COLLECTED MATERIAL:
********

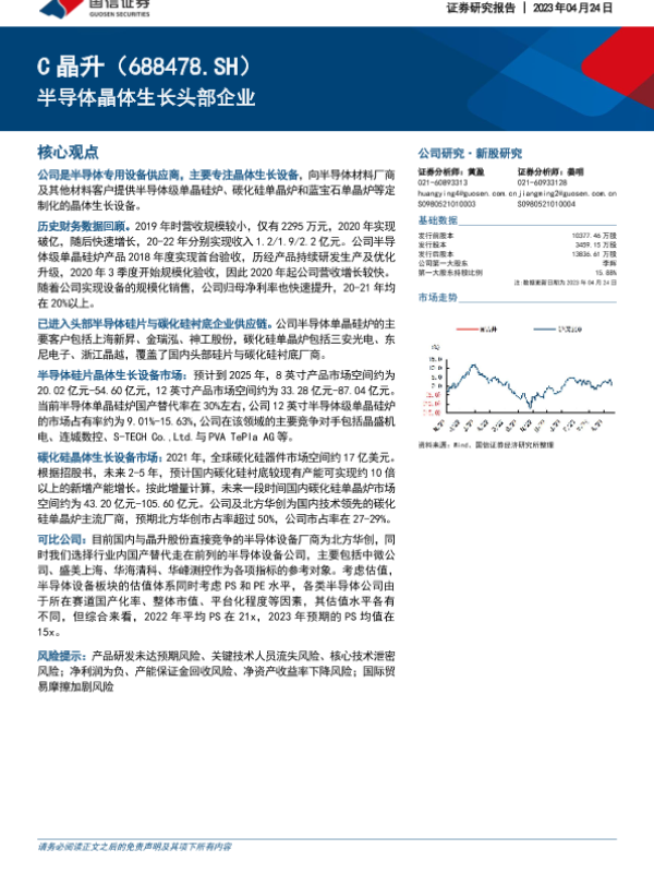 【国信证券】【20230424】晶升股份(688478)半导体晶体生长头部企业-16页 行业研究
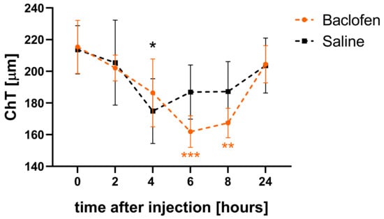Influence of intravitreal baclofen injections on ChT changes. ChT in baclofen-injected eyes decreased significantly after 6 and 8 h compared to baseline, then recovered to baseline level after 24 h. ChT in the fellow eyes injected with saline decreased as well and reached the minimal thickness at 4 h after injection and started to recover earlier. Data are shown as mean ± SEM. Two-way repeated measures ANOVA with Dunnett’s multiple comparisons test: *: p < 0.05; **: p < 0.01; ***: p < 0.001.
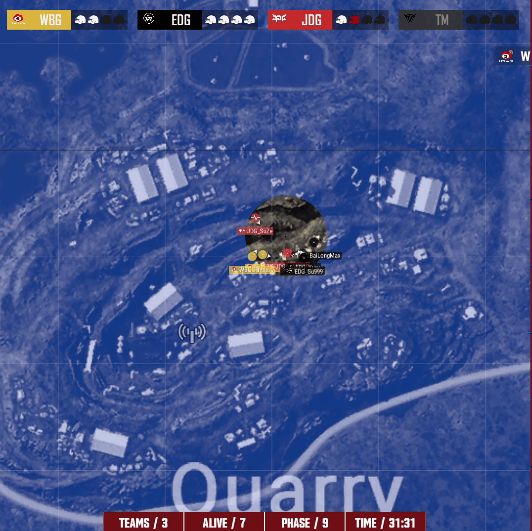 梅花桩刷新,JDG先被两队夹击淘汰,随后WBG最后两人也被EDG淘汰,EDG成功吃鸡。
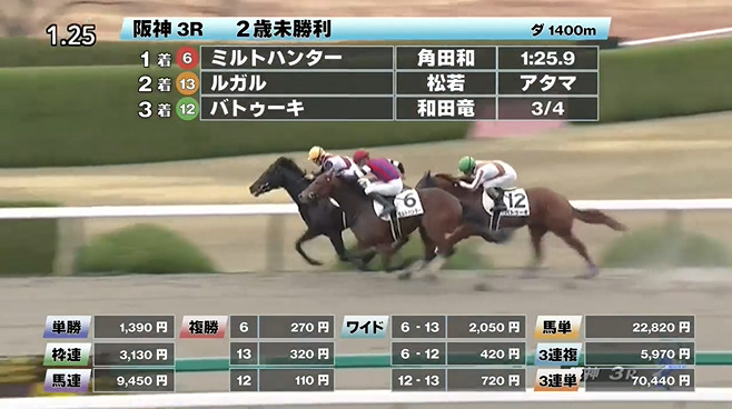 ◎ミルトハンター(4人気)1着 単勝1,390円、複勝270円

********

TASK PROMPT: Once you find the line with "梅花桩刷新,JDG先被两队夹", restate it and every later line of the data word for word, excluding the pictures.

SOLUTION TO THIS PROBLEM:
 梅花桩刷新,JDG先被两队夹击淘汰,随后WBG最后两人也被EDG淘汰,EDG成功吃鸡。
 ◎ミルトハンター(4人気)1着 単勝1,390円、複勝270円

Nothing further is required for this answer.